Certainly one of Google Search’s oldest and best-known options, cache hyperlinks, are being retired, Google’s search liaison stated in an X post seen by The Verge. Greatest identified by the “Cached” button, these are a snapshot of an online web page the final time Google listed it. Nevertheless, in accordance with Google, they’re not required.
“It was meant for helping people access pages when way back, you often couldn’t depend on a page loading,” Google’s Danny Sullivan wrote in the post. “These days, things have greatly improved. So, it was decided to retire it.
Hey, catching up. Yes, it’s been removed. I know, it’s sad. I’m sad too. It’s one of our oldest features. But it was meant for helping people access pages when way back, you often couldn’t depend on a page loading. These days, things have greatly improved. So, it was decided to…

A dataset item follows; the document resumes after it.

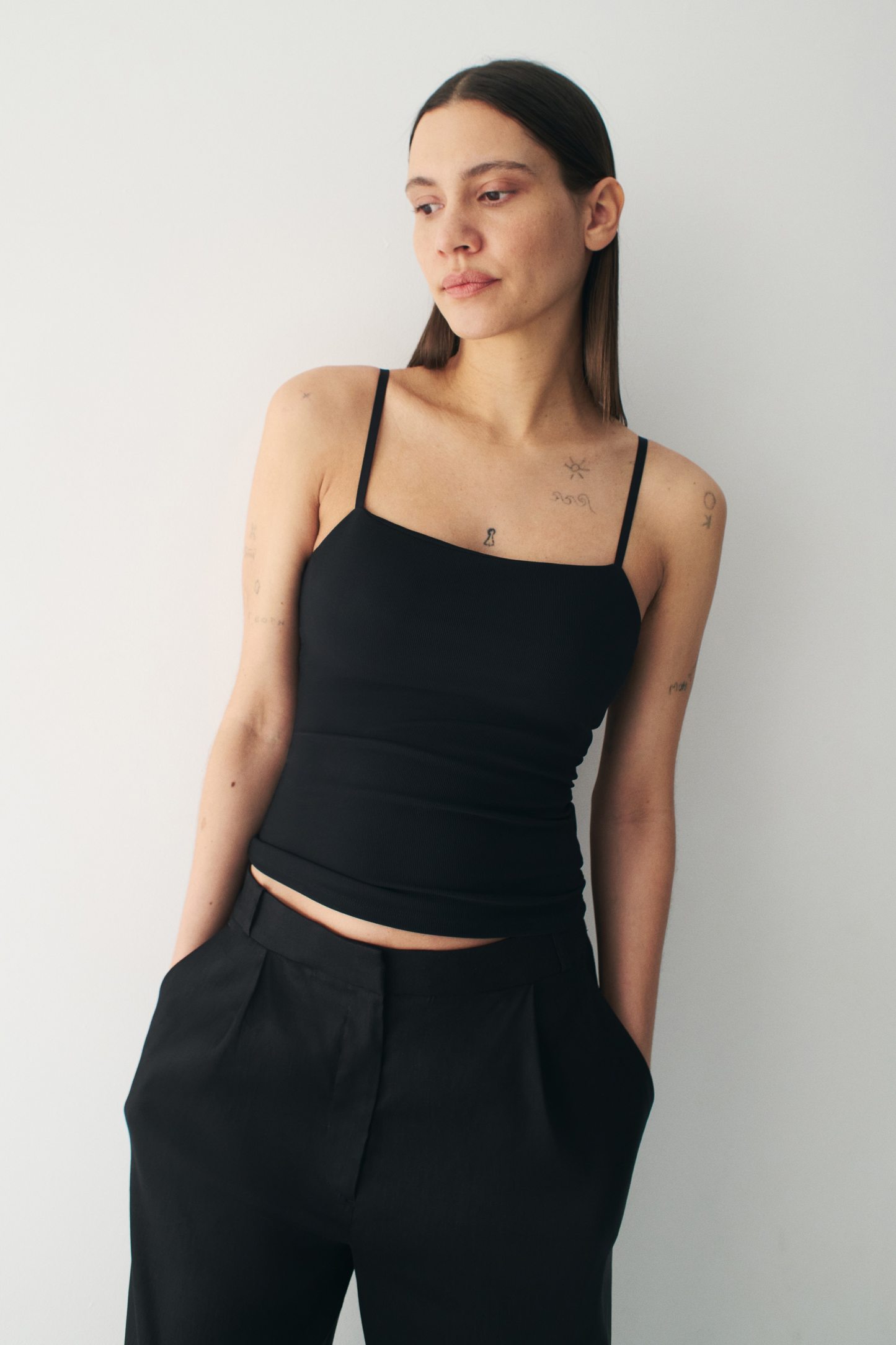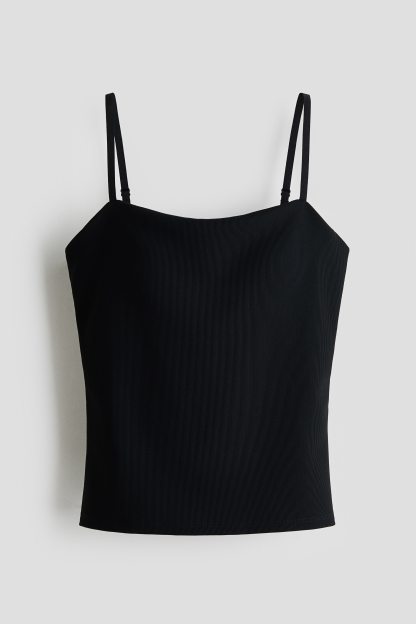 Ribbed top in a breathable and moisture-wicking fabric with four-way stretch that offers complete flexibility, shape and fluid motion in every direction. Slim fit with a square neckline, built-in bra, narrow shoulder straps and a straight-cut hem. Functional Essentials is a curated selection of pieces that incorporates comfort and performance into everyday wear.

— Google SearchLiaison (@searchliaison) February 1, 2024
Nowadays, however, the feature is used for more than just a web page backup. Many people rely on it to check to validity of a site, and SEO managers can employ the feature to check their pages for errors. Many users, particularly news professionals, use the cache to see if a website has recently been updated, with information added or removed. And sometimes, a cache can let you check a site that’s geoblocked in your region.
Previously, clicking on the three-dot menu next to a result would open an “about this consequence” dialog with the Cached button at bottom right. Now, however, it opens a much larger menu showing a website’s “about” page, a Wikipedia descrtipoin, privacy settings and more. The cached button is now nowhere to be seen.
None of the comments in Sullivan’s replies were positive, with one SEO user saying “come on, why delete the operate? It is actually useful for all search engine optimization.” Sullivan did say that Google may one day add links to the Internet Archive where the cache link button used to be, within About This Result.
However, that sounds like it’s far from a done deal, and would shift a massive amount of traffic over to the Internet Archive. “No guarantees. We’ve to speak to them, see the way it all would possibly go — entails folks nicely past me. However I feel it could be good throughout,” he wrote.